### Listed records

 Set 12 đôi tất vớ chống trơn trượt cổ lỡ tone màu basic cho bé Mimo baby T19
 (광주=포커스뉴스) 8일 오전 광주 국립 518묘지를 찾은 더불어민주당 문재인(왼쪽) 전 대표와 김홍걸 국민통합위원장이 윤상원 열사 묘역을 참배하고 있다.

######
### Listed records

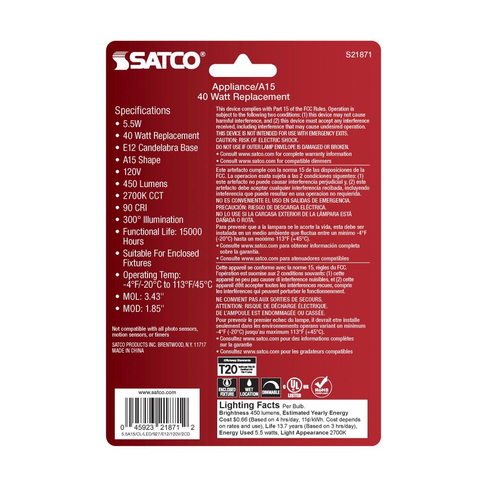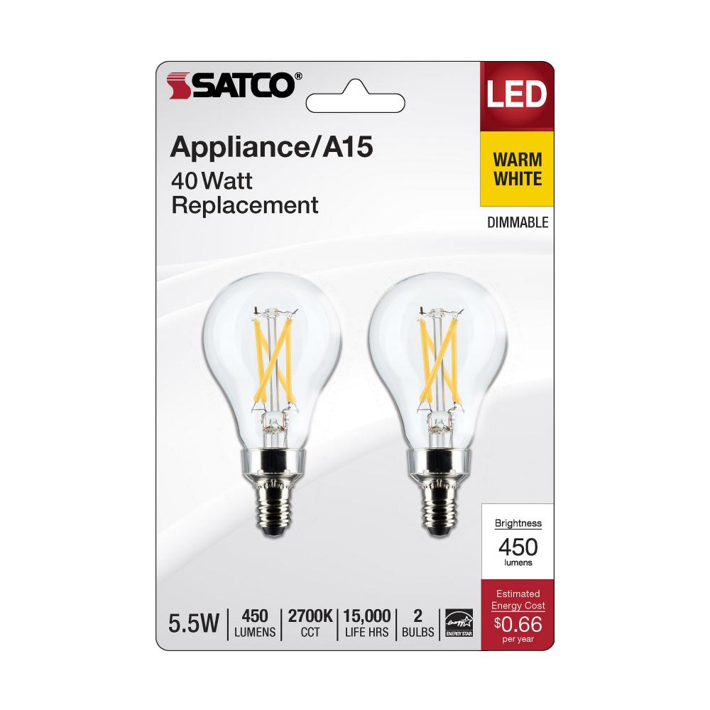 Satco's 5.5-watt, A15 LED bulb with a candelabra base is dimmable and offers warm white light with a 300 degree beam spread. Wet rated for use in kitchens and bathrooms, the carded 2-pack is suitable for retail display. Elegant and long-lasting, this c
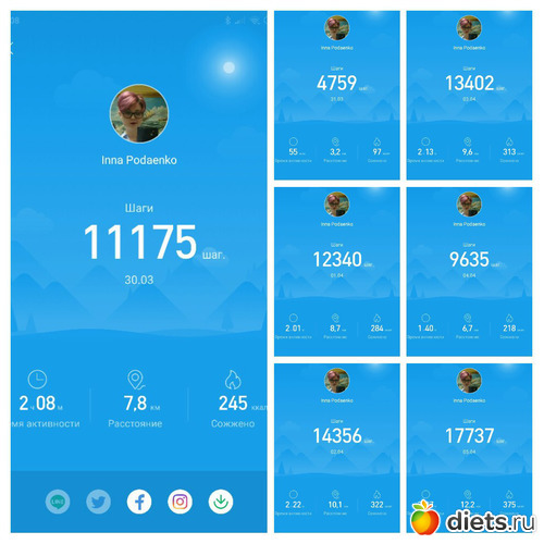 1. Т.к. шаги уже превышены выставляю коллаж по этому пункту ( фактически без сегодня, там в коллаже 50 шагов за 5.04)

######

● What is being asked
Range to copy from the listing above: the line with "Satco's 5.5-watt, A15" through the line with "1. Т.к. шаги". Transcribe it exactly and skip the pictures.

● Task output
 Satco's 5.5-watt, A15 LED bulb with a candelabra base is dimmable and offers warm white light with a 300 degree beam spread. Wet rated for use in kitchens and bathrooms, the carded 2-pack is suitable for retail display. Elegant and long-lasting, this c
 1. Т.к. шаги уже превышены выставляю коллаж по этому пункту ( фактически без сегодня, там в коллаже 50 шагов за 5.04)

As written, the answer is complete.